◆ **INPUT DATA**:
_ _ _ _ _
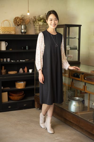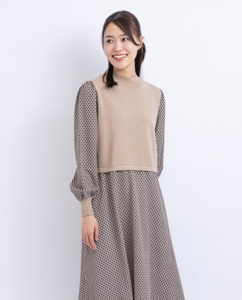 こちらは柄物ワンピースにベストを重ねたようなデザイン♪
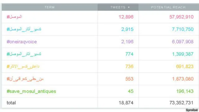حقق هاشتاغ "تدمير أثار الموصل" انتشارا واسعا، إذا ظهر في حوالي 3 ألاف تغريدة. في حين، ظهر هاشتاغ " #الموصل" في أكثر من 12 ألف تغريدة، على مدار الـ24 ساعة الماضية.
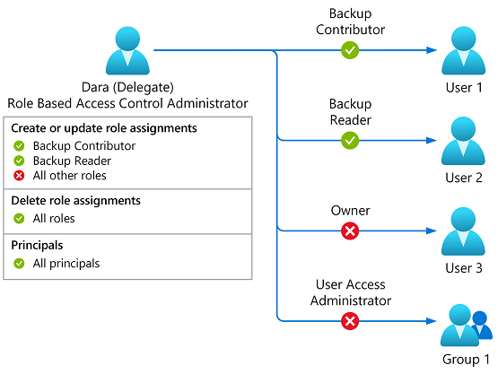 이 조건을 사용하면 대리자는 백업 기여자 또는 백업 읽기 권한자 역할에 대한 역할 할당만 추가하거나 제거할 수 있습니다. 또한 대리자는 이러한 역할을 사용자 또는 그룹 형식의 주체에게만 할당할 수 있습니다.
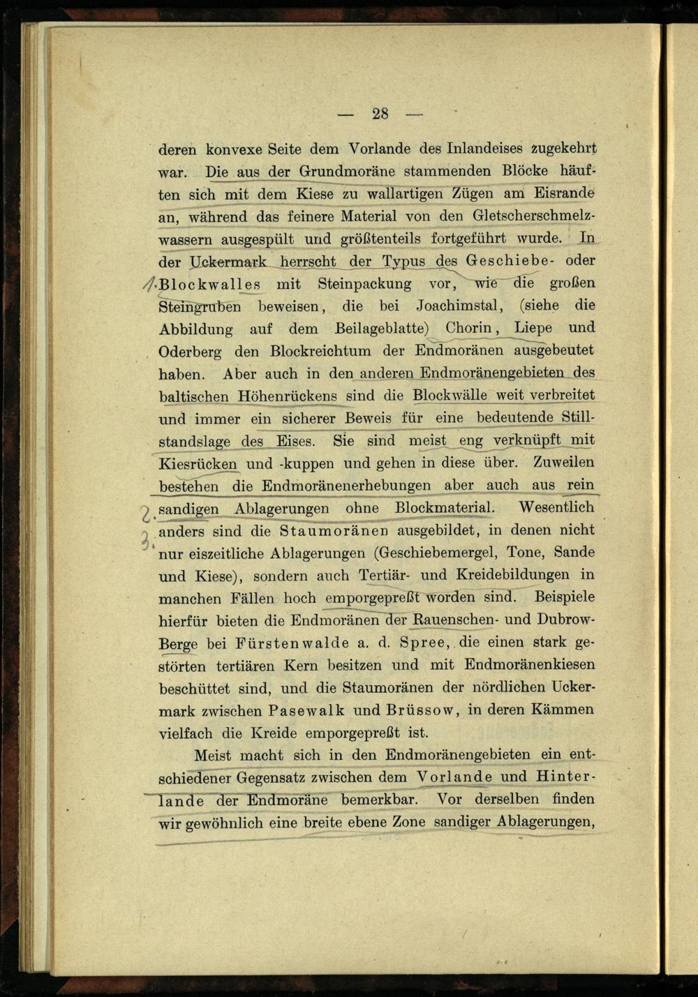 deren konvexe Seite dem Vorlande des Inlandeises zugekehrt war. Die aus der Grundmoräne stammenden Blöcke häuften sich mit dem Kiese zu wallartigen Zügen am Eisrande an, während das feinere Material von den Gletscherschmelzwassern ausgespült und größtenteils fortgeführt wurde. In der Uckermark herrscht der Typus des Geschiebe- oder Blockwalles mit Steinpackung vor, wie die großen Steingruben beweisen, die bei Joachimstal ,( siehe die Abbildung auf dem Beilageblatte) Chorin , Liepe und Oderberg den Blockreichtum der Endmoränen ausgebeutet haben. Aber auch in den anderen Endmoränengebieten des baltischen Höhenrückens sind die Block wälle weit verbreitet und immer ein sicherer Beweis für eine bedeutende Stillstandslage des Eises. Sie sind meist eng verknüpft mit Kiesrücken und-kuppen und gehen in diese über. Zuweilen bestehen die Endmoränenerhebungen aber auch aus rein Wesentlich 2. sandigen Ablagerungen ohne Blockmaterial.
_ _ _ _ _
◆ **WHAT YOU WILL DO**:
Omit pictures; set down the rest of the material word for word.

◆ **ANSWER SECTION**:
 こちらは柄物ワンピースにベストを重ねたようなデザイン♪
حقق هاشتاغ "تدمير أثار الموصل" انتشارا واسعا، إذا ظهر في حوالي 3 ألاف تغريدة. في حين، ظهر هاشتاغ " #الموصل" في أكثر من 12 ألف تغريدة، على مدار الـ24 ساعة الماضية.
 이 조건을 사용하면 대리자는 백업 기여자 또는 백업 읽기 권한자 역할에 대한 역할 할당만 추가하거나 제거할 수 있습니다. 또한 대리자는 이러한 역할을 사용자 또는 그룹 형식의 주체에게만 할당할 수 있습니다.
 deren konvexe Seite dem Vorlande des Inlandeises zugekehrt war. Die aus der Grundmoräne stammenden Blöcke häuften sich mit dem Kiese zu wallartigen Zügen am Eisrande an, während das feinere Material von den Gletscherschmelzwassern ausgespült und größtenteils fortgeführt wurde. In der Uckermark herrscht der Typus des Geschiebe- oder Blockwalles mit Steinpackung vor, wie die großen Steingruben beweisen, die bei Joachimstal ,( siehe die Abbildung auf dem Beilageblatte) Chorin , Liepe und Oderberg den Blockreichtum der Endmoränen ausgebeutet haben. Aber auch in den anderen Endmoränengebieten des baltischen Höhenrückens sind die Block wälle weit verbreitet und immer ein sicherer Beweis für eine bedeutende Stillstandslage des Eises. Sie sind meist eng verknüpft mit Kiesrücken und-kuppen und gehen in diese über. Zuweilen bestehen die Endmoränenerhebungen aber auch aus rein Wesentlich 2. sandigen Ablagerungen ohne Blockmaterial.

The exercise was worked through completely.